La evolución del caso muestra un cambio drástico en la posición de los actores involucrados. Hasta hace poco, Sánchez Torres conservaba proyección dentro del sistema judicial y buscaba consolidar apoyos políticos para llegar a la Corte Suprema; sin embargo, la apertura de estas causas modificó por completo ese escenario. En paralelo, la fiscalía pasó de una hipótesis basada en presuntas irregularidades internas a una investigación más amplia sobre posibles beneficios indebidos y vínculos con empresarios de peso en la provincia.

Fuentes judiciales no descartan que las próximas medidas incluyan un análisis patrimonial de ambos magistrados y la profundización de pericias sobre los vínculos societarios entre Airjet, Porta y el Grupo Astori.

Las investigaciones frustraron la estrategia de Sánchez Torres de convertirse en ministro de la Corte Suprema de la Nación, con el aval de Martín Llaryora y otros gobernadores. El propio camarista le había expuesto su plan a Roberto Urquía en un bar de Córdoba meses atrás, donde intentó convencer al dueño de General Deheza de que lo respaldara en el círculo rojo para destrabar cualquier resistencia a su llegada al máximo tribunal. La jugada coincidió, además, con la caída de Ariel Lijo.

Análisis y proyecciones: si las hipótesis fiscales avanzan, el caso podría derivar no solo en consecuencias penales, sino también en un fuerte impacto institucional para la Justicia Federal cordobesa. En este tipo de causas, las pruebas sobre viajes, vínculos societarios y eventuales conflictos de interés suelen adquirir gran peso indiciario, sobre todo cuando se combinan con decisiones judiciales previas que favorecieron a los mismos actores bajo sospecha. De confirmarse una relación indebida entre magistrados y empresarios, el expediente podría abrir la puerta a pedidos de apartamiento, auditorías patrimoniales y un endurecimiento de los controles sobre excusaciones y distribución de causas. En términos más amplios, el caso reaviva un debate clásico en la Argentina: cómo blindar la independencia judicial frente a las presiones del poder económico sin comprometer la eficacia del sistema.
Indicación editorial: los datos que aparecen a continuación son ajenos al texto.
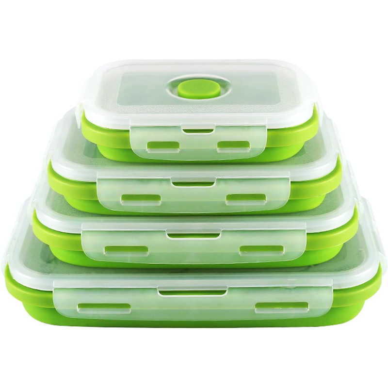4 Pack Silicon Lunch Box Flat Stacks Collapsible Food Storage Containers With Lids Leftover Meal Box For Kitchen BPA Free
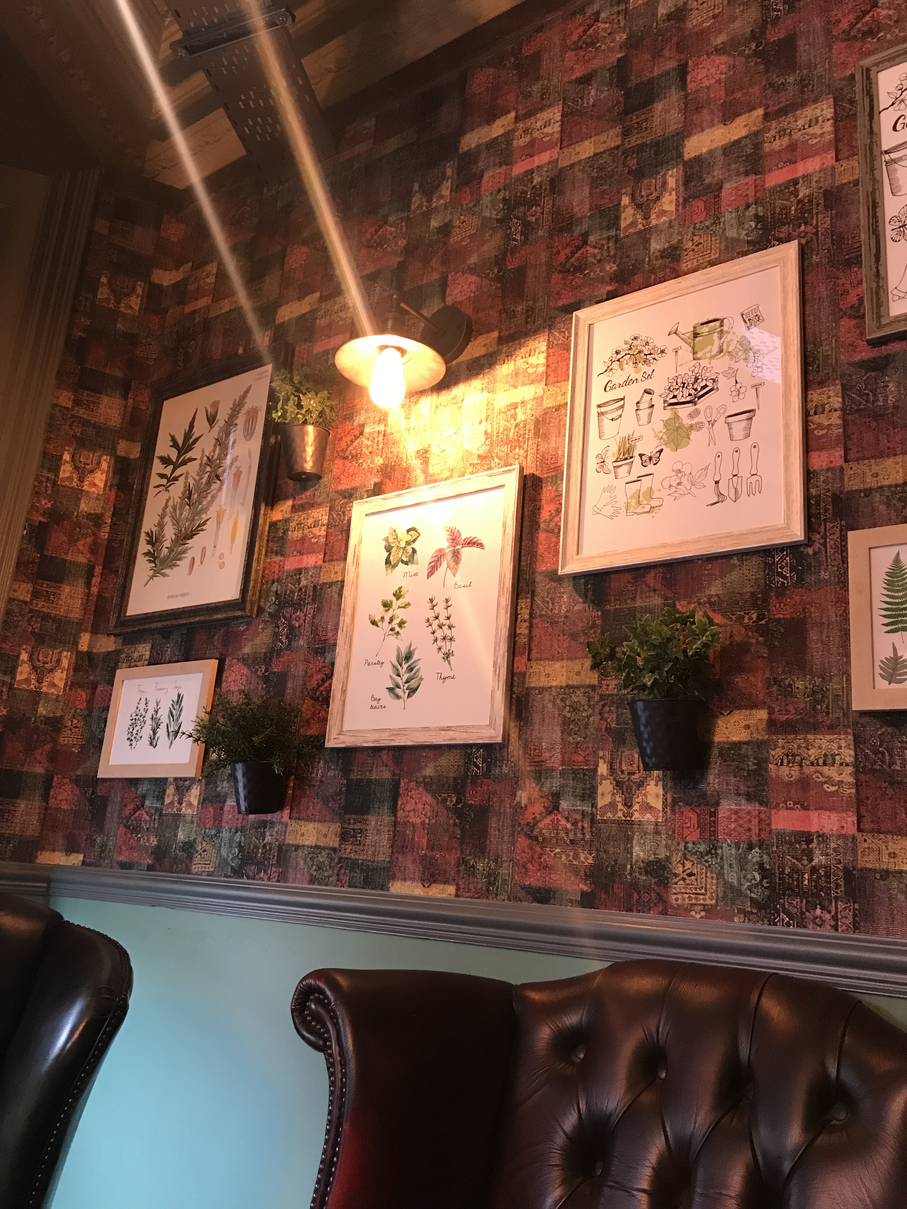 If the name doesn’t already give it away, you can tell from walking in the entrance that this restaurant is garden/botanical themed. All the décor is perfectly fitting, from the watering cans hanging above you to the flowerpot centrepieces, and all the other greenery in between. My only criticism would have to be the actual tables and chairs themselves. I felt they didn’t fit in with the ‘potting shed’ vibe and felt almost like they were going on their own theme. If it were me, I’d have some funky picnic benches and garden-type furniture to enhance their look.
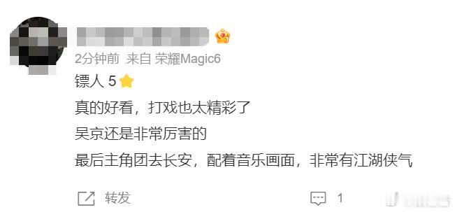 镖人口碑给到人上人超出预期太多!《镖人》剧情扎实、人物立体、打戏过瘾,称得上年度诚意之作。
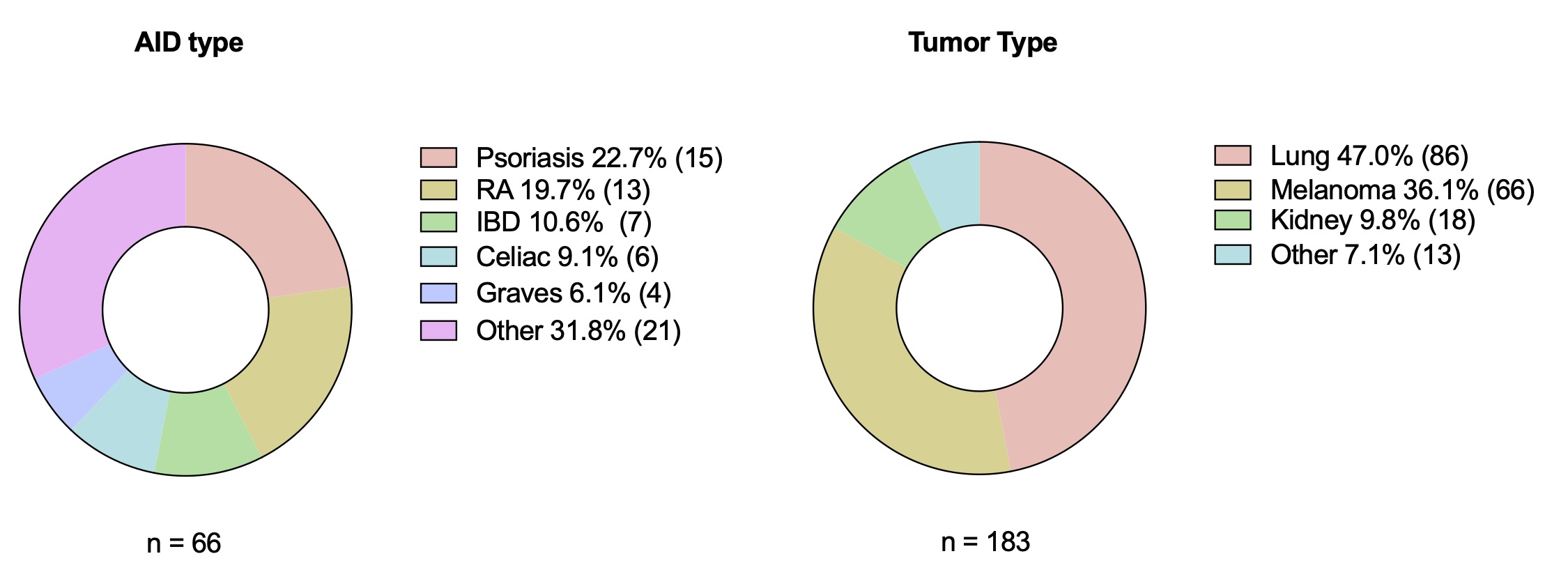 Figure 1: (L) Proportion of autoimmune disease (AID) type (n = 66) (R) Proportion of cancer type across a cohort of immune checkpoint inhibitor exposed patients.

En los últimos años, la discusión sobre la transparencia en la Justicia federal se intensificó por distintas investigaciones vinculadas a viajes, visitas y relaciones personales entre jueces, funcionarios y empresarios. Ese clima empujó a varios tribunales a reforzar mecanismos de registración y control, aunque la percepción pública de opacidad siguió siendo un problema estructural. La situación de Córdoba se inscribe en esa tendencia: una Cámara clave para causas sensibles quedó ahora bajo un escrutinio que podría redefinir tanto la carrera de sus integrantes como la confianza en sus decisiones futuras.